**Your task**:
Set down, please, the line that contains "Školský batoh OXY" and every line that follows it to the end of the records, exactly; do not include pictures.

[Source records]
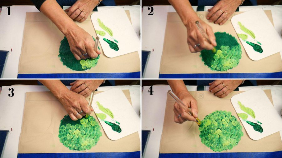Con un pincel taponado y la misma pintura verde oscuro a la que le sumo verde claro realizo golpecitos, mezclando las pinturas entre sí simulando ramilletes de hojas. Lo que quiero obtener es un arbolito con su follaje.
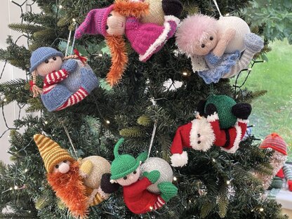 This pattern includes the directions for the bauble cover and 6 characters, Santa; Fairy; Gnome; Elf; Girlie Gnome; and Girlie Elf. You will need 8cm polystyrene baubles, double knit yarns, 3mm straight needles for the bauble cover and 2.5mm straight knitting needles for the characters, 8mm toy safety eyes, and toy safety stuffing.
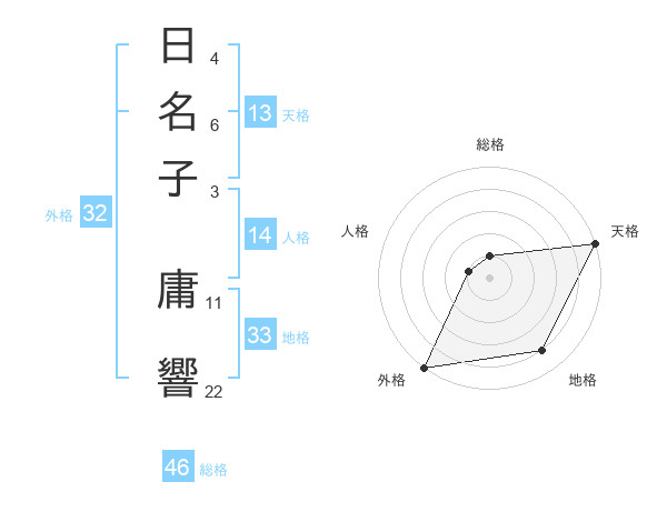 日名子 庸響さんの総格は46画の1点!
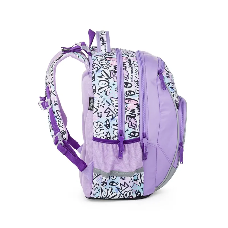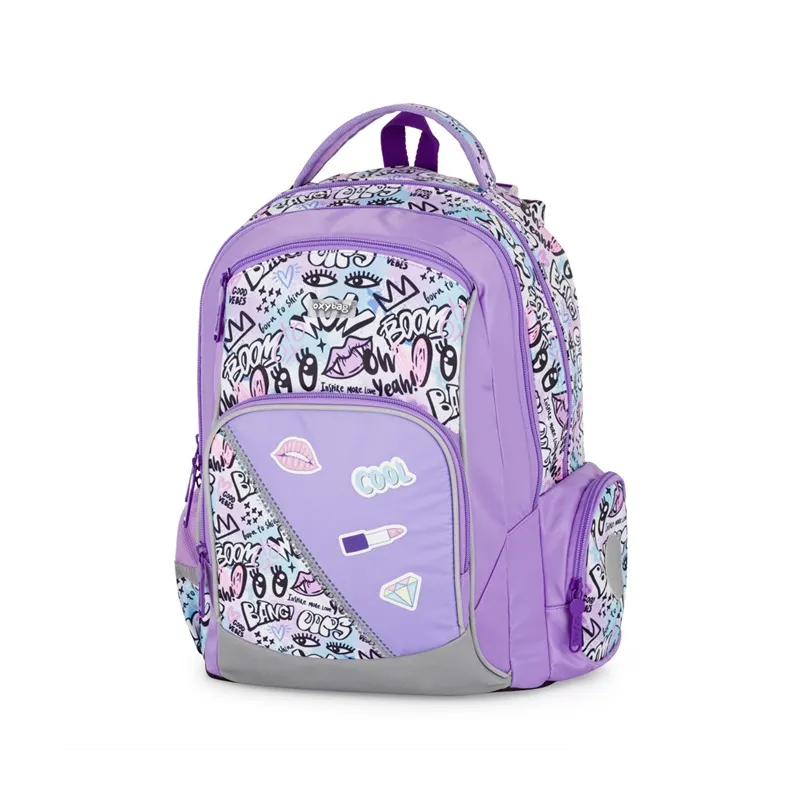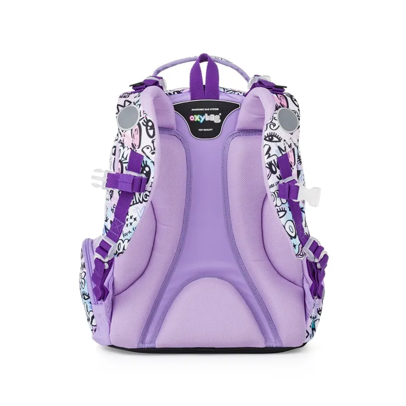 Školský batoh OXY GO zaujme moderným dizajnom a premyslenou funkčnosťou. Má anatomicky tvarované, priedušné chrbát a nastaviteľné ramenné popruhy pre pohodlné nosenie. Pridané háčiky umožňujú uchytenie dlhých popruhov. Vnútorné vrecká ponúkajú dostatok miesta na učebnice, zošity i ďalšie potreby, pevné nepremokavé dno chráni obsah pred zašpinením a pretečením. Bočné vrecká, jedno na zips a jedno otvorené, slúžia napríklad na fľašu. Reflexné prvky zabezpečujú bezpečnosť. Batoh je ideálny pre deti od 1. do 3. triedy vysoké od 125 cm.
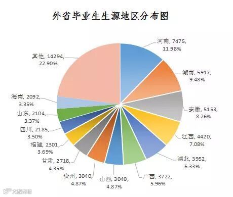 外省生源毕业生有6.24万人,占11.81%。在外省生源中,河南省生源最多,有7475人,占外省生源数的11.98%;其次是湖南省,有5917人,占9.48%;第三是安徽省,有5153人,占8.26%。

**Response to this exercise**:
 Školský batoh OXY GO zaujme moderným dizajnom a premyslenou funkčnosťou. Má anatomicky tvarované, priedušné chrbát a nastaviteľné ramenné popruhy pre pohodlné nosenie. Pridané háčiky umožňujú uchytenie dlhých popruhov. Vnútorné vrecká ponúkajú dostatok miesta na učebnice, zošity i ďalšie potreby, pevné nepremokavé dno chráni obsah pred zašpinením a pretečením. Bočné vrecká, jedno na zips a jedno otvorené, slúžia napríklad na fľašu. Reflexné prvky zabezpečujú bezpečnosť. Batoh je ideálny pre deti od 1. do 3. triedy vysoké od 125 cm.
 外省生源毕业生有6.24万人,占11.81%。在外省生源中,河南省生源最多,有7475人,占外省生源数的11.98%;其次是湖南省,有5917人,占9.48%;第三是安徽省,有5153人,占8.26%。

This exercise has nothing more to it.